Some of the species, known on our coasts as "barn-door skates," reach a length of four or five feet. Among these are Raja lævis and Raja ocellata on our Atlantic coast, Raja binoculata in California, and Raja tengu in Japan. The small tobacco-box skate, brown with black spots, abundant on the New England coast, is Raja erinacea. The corresponding species in California is Raja inornata, and in Japan Raja kenojei. Numerous other species, Raja batis, clavata, circularis, fullonica, etc., occur on the coasts of Europe. Some species are variegated in color, with eye-like spots or jet-black marblings. Still others, living in deep waters, are jet-black with the body very soft and limp. For these Garman has proposed the generic name Malacorhinus, a name which may come into general use when the species are better known. In the deep seas rays are found even under the equator. In the south-temperate zone the species are mostly generically distinct, Psammobatis being a typical form, differing from Raja. Discobatus sinensis, common in China and Japan, is a shagreen-covered form, looking like a Rhinobatus. It is, however, a true ray, laying its eggs in egg-cases, and with the pectorals extending on the snout. Fossil Rajidæ, known by the teeth and bony tubercles, are found from the Cretaceous onward. They belong to Raja and to the extinct genera Dynatobatis, Oncobatis, and Acanthobatis. The genus Arthropterus (rileyi) from the Lias, known from a large pectoral fin, with distinct cylindrical-jointed rays, may have been one of the Rajidæ, or perhaps the type of a distinct family, Arthropteridæ.
Fig. 345.—Numbfish, Narcine brasiliensis Henle, showing electric cells. Pensacola, Fla.
Narcobatidæ, or Torpedoes.—The torpedoes, or electric rays (Narcobatidæ), are characterized by the soft, perfectly smooth skin, by the stout tail with rayed fins, and by the ovoviviparous habit, the eggs being hatched internally. In all the species is developed an elaborate electric organ, muscular in its origin and composed of many hexagonal cells, each filled with soft fluid. These cells are arranged under the skin about the back of the head and at the base of the pectoral fin, and are capable of benumbing an enemy by means of a severe electric shock. The exercise of this power soon exhausts the animal, and a certain amount of rest is essential to recovery.

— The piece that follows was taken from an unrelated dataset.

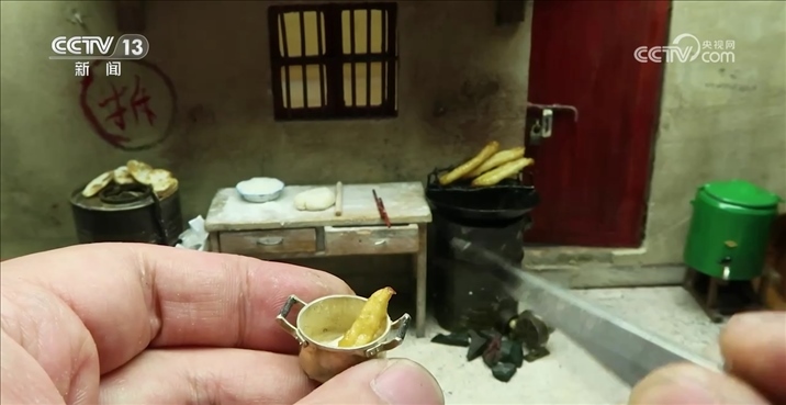 趙培藝:有一位網(wǎng)友外婆腿腳不好,沒有辦法回老家。然后他跟我說,能不能給他復原一個小的,給她放在床頭上讓她看著,大概拍了二十幾張照片,然后測量數(shù)值是測了大概三四次,他原本是什么材質,我就盡量去用什么材質,例如小的瓷磚,我都是去廠里訂的小陶瓷片,像地板之類的,我都是用手工燒的小紅磚去做。想家里了,一歪頭就能看到。

The torpedoes, also known as crampfishes or numbfishes, are peculiarly soft to the touch and rather limp, the substance consisting largely of watery or fatty tissues. They are found in all warm seas. They are not often abundant, and as food they have not much value.
Perhaps the largest species is Tetronarce occidentalis, the crampfish of our Atlantic coast, black in color, and said sometimes to weigh 200 pounds. In California Tetronarce californica reaches a length of three feet and is very rarely taken, in warm sandy bays. Tetronarce nobiliana in Europe is much like these two American species. In the European species, Narcobatus torpedo, the spiracles are fringed and the animal is of smaller size. To Narcine belong the smaller numbfish, or "entemedor," of tropical America. These have the spiracles close behind the eyes, not at a distance as in Narcobatus and Tetronarce. Narcine brasiliensis is found throughout the West Indies, and Narcine entemedor in the Gulf of California. Astrape, a genus with but one dorsal fin, is common in southern Japan. Fossil Narcobatus and Astrape occur in the Eocene, one specimen of the former nearly five feet long. Vertebræ of Astrape occur in Prussia in the amber-beds.
Fig. 346.—Teeth of Janassa linguæformis Atthey. Carboniferous. Family Petalodontidæ. (After Nicholson.)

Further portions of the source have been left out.